If, for example, the FSA were to obtain, through
its membership of the ESRB, information about the activities of
a US bank operating in the UK and other Member States, it could
well want to raise issues of concern with the relevant US supervisory
authorities. It is not clear that Article 8(2) of the ESRB regulation
provides the necessary cover. It provides that information received
by "members of the ESRB" ( who are presumably the same
as "members of the General Board of the ESRB"the
term used in Article 8(1)) may only be used in the course of their
duties and in performing the tasks set out in Article 3(2). If
the duties referred to are limited to those set out in Article
3(2), this would not protect a national supervisory authority
who wanted to discuss an individual institution with a third country
supervisor. On the other hand, if the intention is to allow members
of the ESRB to use confidential information in the course of their
duties under other EU legislation, this should be made clear.
The professional secrecy provisions in Article
8 are complicated by the unwieldy structure and size of the ESRB.
Given the sensitivity of the information likely to be generated,
it is essential that the professional secrecy provisions are sufficiently
robust to act as a credible deterrent, though this may seem a
somewhat vain hope in the context of a body containing over 50
members and covering 27 Member States.
Article 8(1) of the ESRB regulation imposes
a duty of professional secrecy on members of the General Board
of the ESRB and any other person who has worked "for or in
connection with" the ESRB (including the relevant staff of
Central Banks, the Advisory Technical Committee, ESAs and competent
national supervisory authorities). Members of the Steering Committee
are not expressly mentioned presumably on the grounds that they
are a subset of the General Board, nor are members of the ECB
secretariat. In the latter case this is presumably because the
Secretariat is subject to separate professional secrecy provisions
under the ECB decision, although the ECB President and Vice-President
will be covered by the ESRB professional secrecy provisions in
their capacity as members of the General Board.

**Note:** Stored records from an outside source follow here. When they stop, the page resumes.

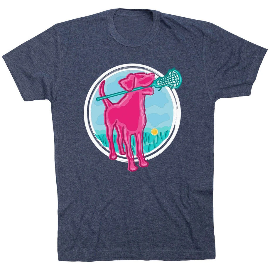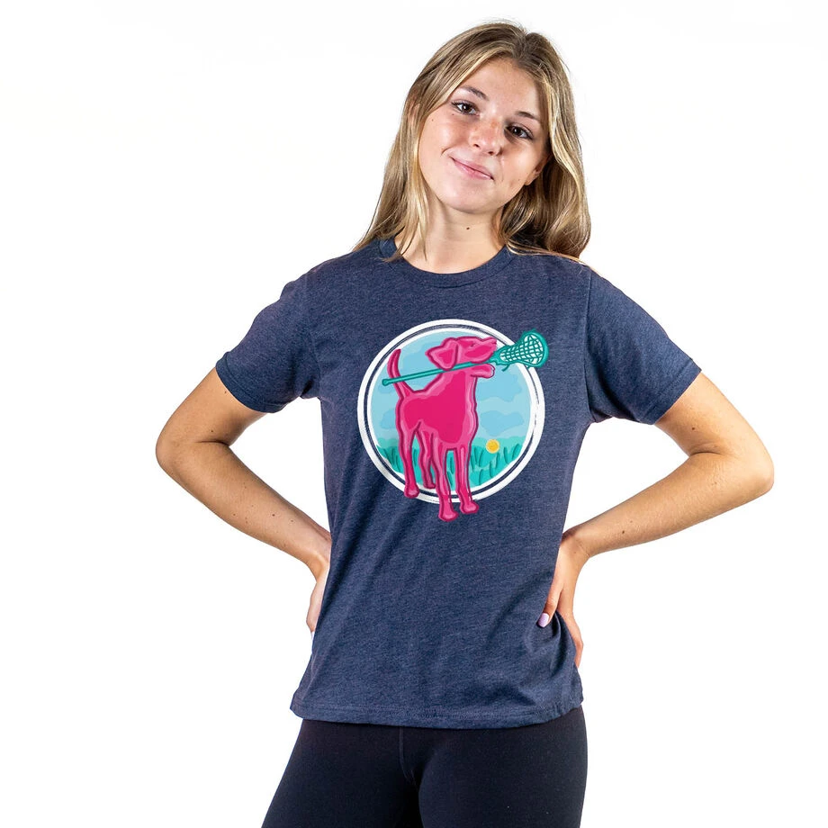 Girls Lacrosse Short Sleeve T-Shirt – Lacrosse Dog With Girl Stick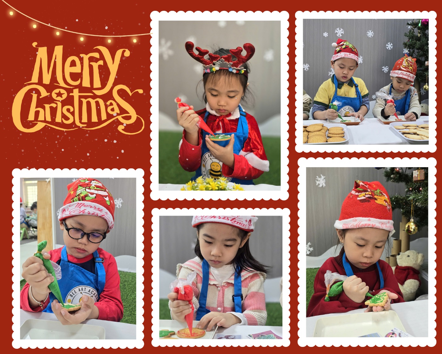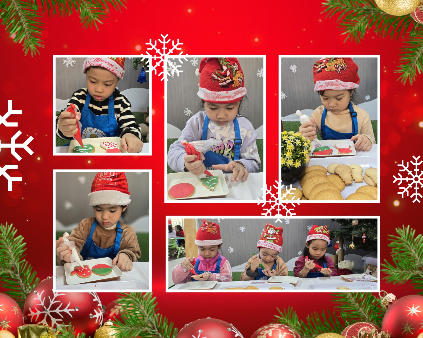 Một hoạt động đặc biệt trong ngày lễ là phần trang trí bánh Noel. Mỗi bé được nhận một chiếc bánh nhỏ cùng với các nguyên liệu trang trí như đường màu để vẽ. Dưới sự hướng dẫn của các cô giáo, các bé tha hồ sáng tạo, tự tay trang trí chiếc bánh của riêng mình. Những chiếc bánh không chỉ đẹp mắt mà còn thể hiện sự khéo léo và trí tưởng tượng phong phú của các bé. Hoạt động này không chỉ mang lại niềm vui mà còn giúp các bé rèn luyện sự tỉ mỉ và tinh thần làm việc nhóm.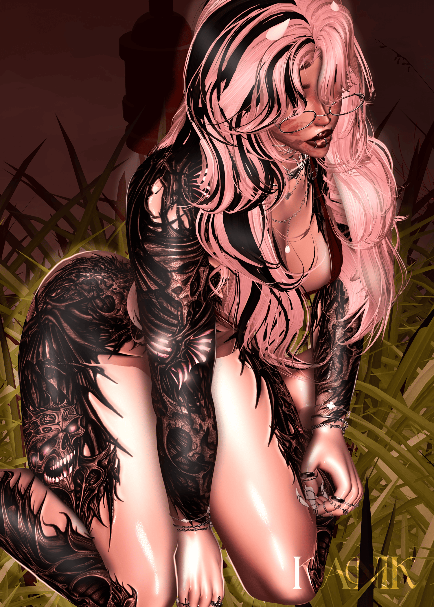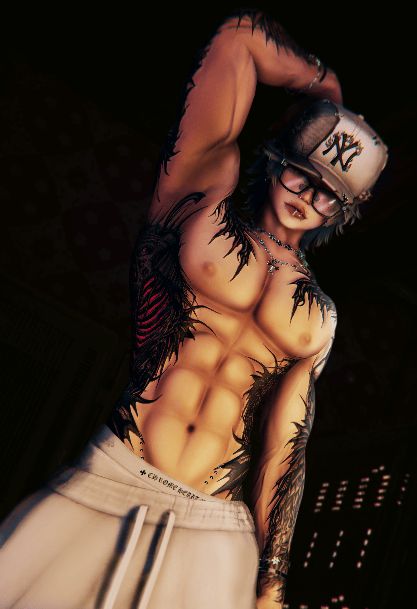 ♡ INCLUDED IN PACKAGE texture maps: (body) with layered tattoos , Emissions map, Normal maps, unity package with custom settings.

The Secretariat is not part of the ESRB; instead
it is clearly part of the ECB and, as such, information gathered
by the ECB staff allocated to the secretariat will inevitably
be disclosed to other staff in the ECB, who may be involved in
processing and analysis of the information in accordance with
Article 2 of the ECB Decision, some of which may relate to individual
financial institutions. Article 6 of the Decision merely requires
the ECB to establish internal mechanisms and rules to protect
data collected on behalf of the ESRB and goes on to state that
the ECB staff "shall comply with the applicable rules relating
to professional secrecy". If this is intended to refer to
the internal ECB rules, it is clearly unsatisfactory, since it
would impose a much weaker and ill-defined duty of confidentiality
than that imposed by the ESRB regulation. Moreover, it is unclear
whether any sanctions would apply for breach.